# I need an on-wall home theater



## bkeeler10 (Mar 26, 2008)

I am putting together a home theater system for my in-laws and I need to use on-wall speakers all the way around. The budget for speakers and subwoofer will be $1000 - $1200. I've done some looking and researching and the system I have in mind is the Paradigm Cinema 220 for the three front channels, with the Cinema ADP for surround. I'm not entirely decided on the sub, but looking at the Hsu STF-2 and also at the Parts Express C1500K subwoofer kit (which I know nothing about really, so if anyone knows much about it, I would appreciate input). The receiver will be the Denon AVR-789.

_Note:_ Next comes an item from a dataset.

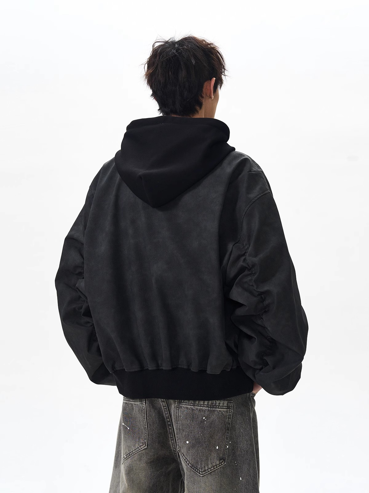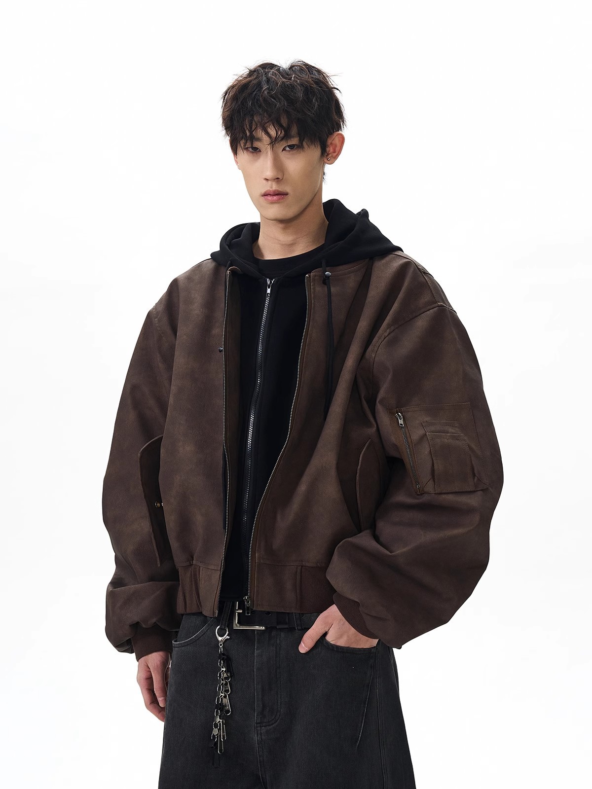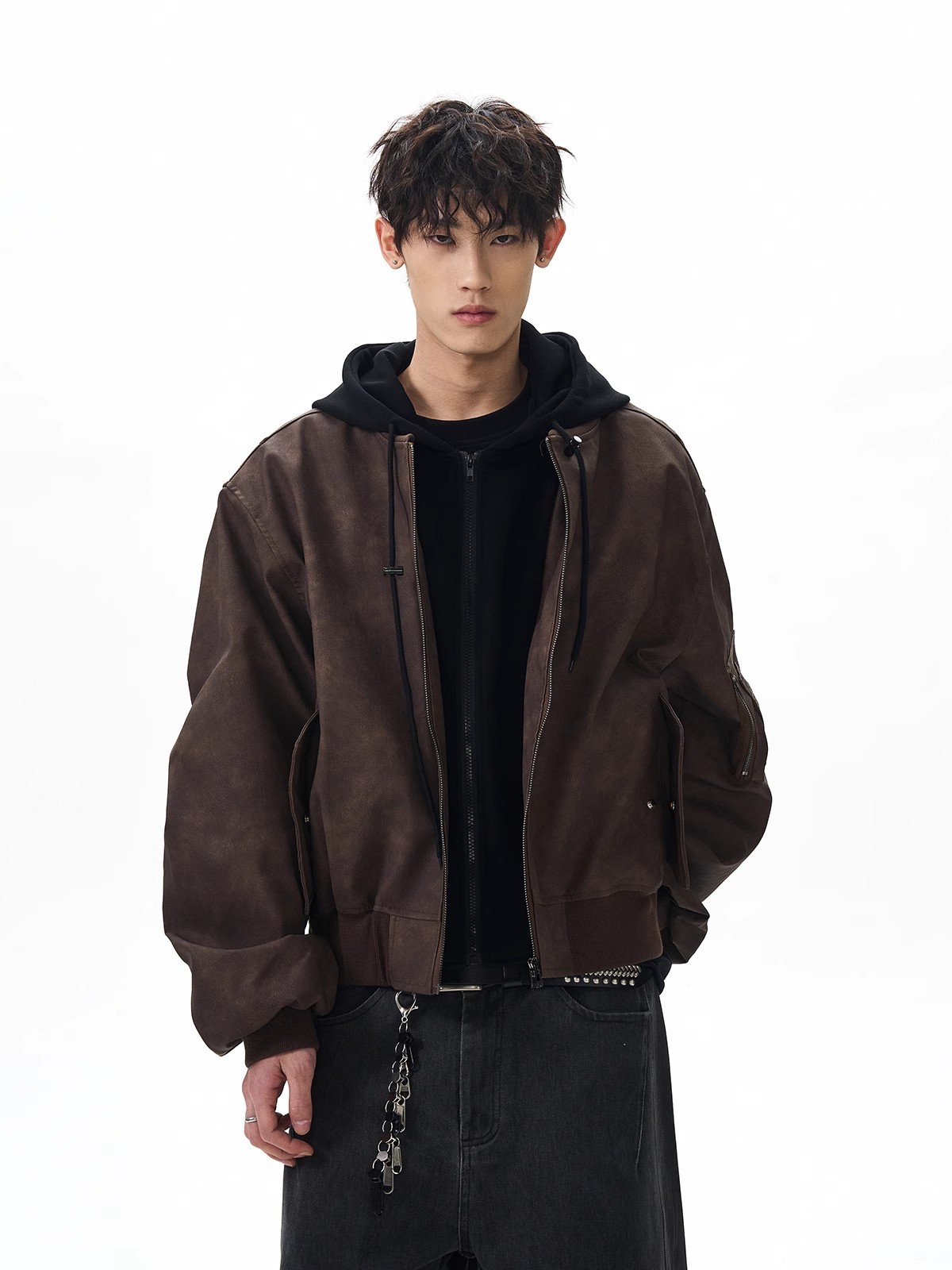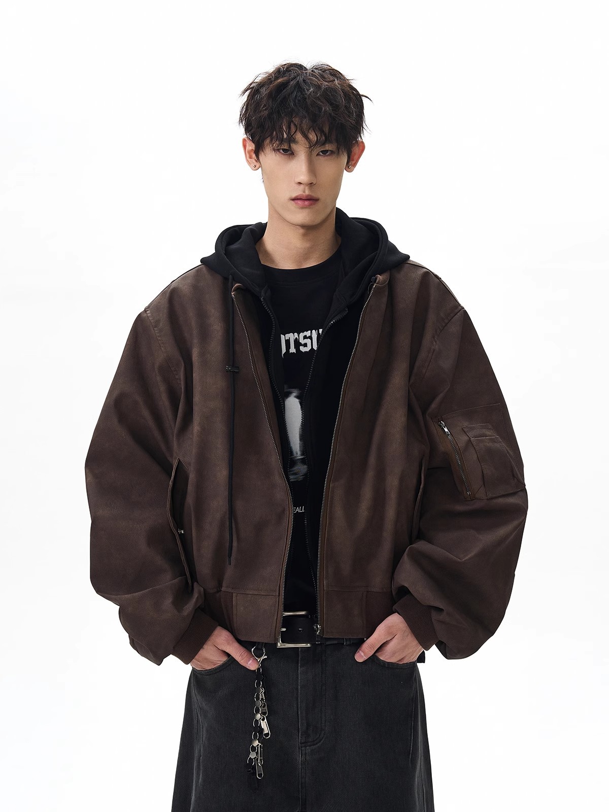 봄버 가짜 투피스 비행 재킷 남성 봄, 가을 느슨한 후드 실루엣 PU 가죽 새로운 복고풍스토어 가기

Any thoughts on this system, or other suggestions to look at? I don't know on-wall speakers very well . . . Thanks in advance for any thoughts you may have.


----------



## eugovector (Sep 4, 2006)

If you're willing to work ebay a litle, try a pair of JBL L820 @ $230, LC2 Center @ $210, and L810 surrounds at $200 (or a second pair of 820s). Add an SVS pb12-NSD (be aware this is a larger sub) for $660 for $1300 shipped, no tax. If you realy work ebay (the JBL prices I gave were very conservative), or drop down to the SVS PB10, you'll easily hit $1100-1200.

There are many other speakers that can be wall mounted (basically anything sealed or front ported), but the JBLs are designed to performe well and look good while staying as close to the wall as possible (5").

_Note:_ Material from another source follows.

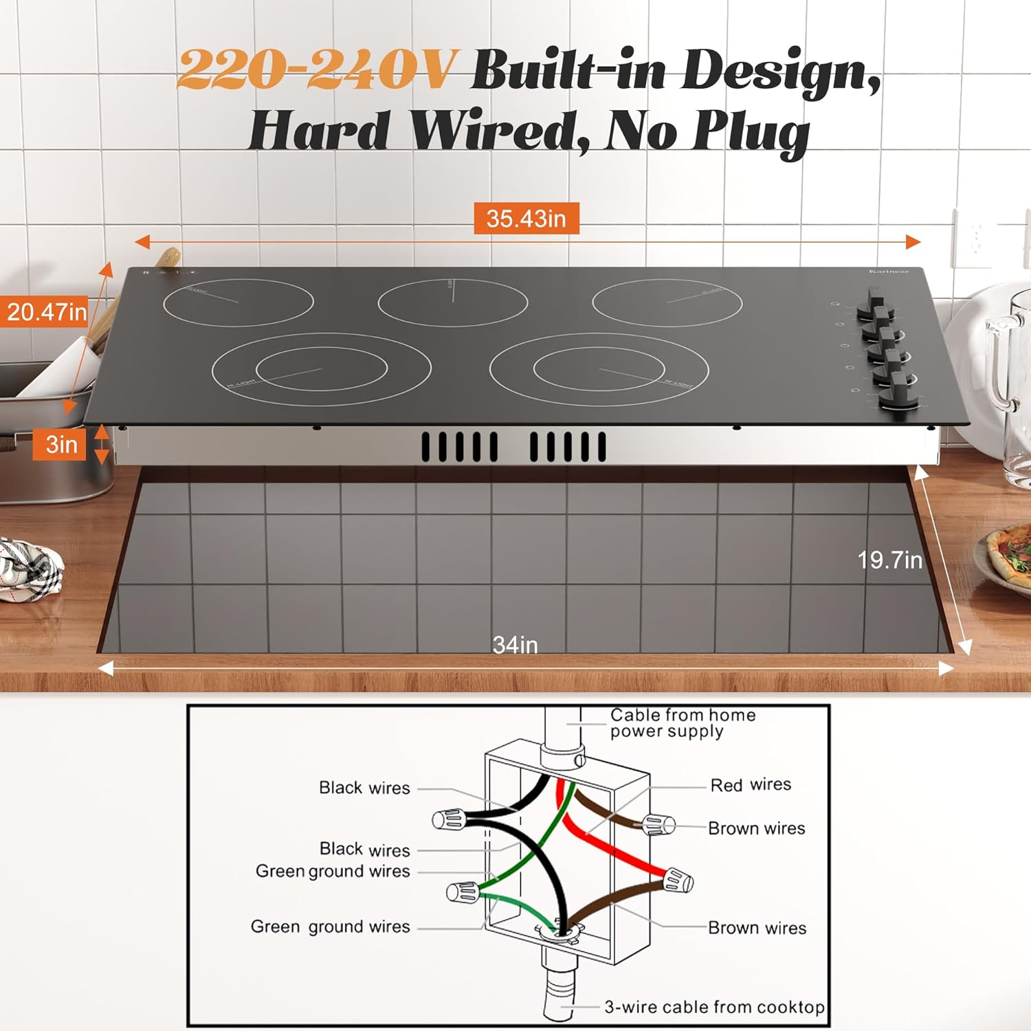 - 【9 livelli di potenza e piano cottura elettrico 220v-240v】Il piano cottura in ceramica da 30" è dotato di 4 potenti bruciatori: 1200W+1200W+1800W+1250/2500W (doppio). Ogni bruciatore del piano cottura elettrico a incasso ha 9 livelli di potenza, ruotando la manopola per controllare la potenza da 0 a 9 livelli, perfetto per brasare, friggere, friggere in padella, arrostire e altro ancora. Il piano cottura elettrico da incasso richiede un cablaggio professionale a 220-240V, SENZA spina.

Other options include the SVS SBS speakers, Aperion 4 series, and many more, but I think the JBLs would be a very safe best if you want performance and aesthetics.


----------



## bkeeler10 (Mar 26, 2008)

Thank you for that. While I would be willing to buy something used to get a better product, I think the in-laws want something new. Those jbl speakers do look nice though -- I had not considered jbl. 

The in-laws are not exactly discriminating listeners, but I'd still like to get the best I can for them. This system, by the way, will be used almost exclusively for TV and movie watching -- very little 2-channel music.

I figured it would be best to go with a speaker designed and tuned for on-wall use. I know on-wall speakers are nearly always a compromise -- most boxed speakers prefer to be out away from the walls. I think the inlaws would also prefer a slim design. I will take a look at Aperion and SVS.


----------



## bkeeler10 (Mar 26, 2008)

Any other thoughts or ideas out there? We will probably go listen to the Paradigms on Saturday. I would be interested in anyone's experience with these in comparison to other like options. Thanks.


----------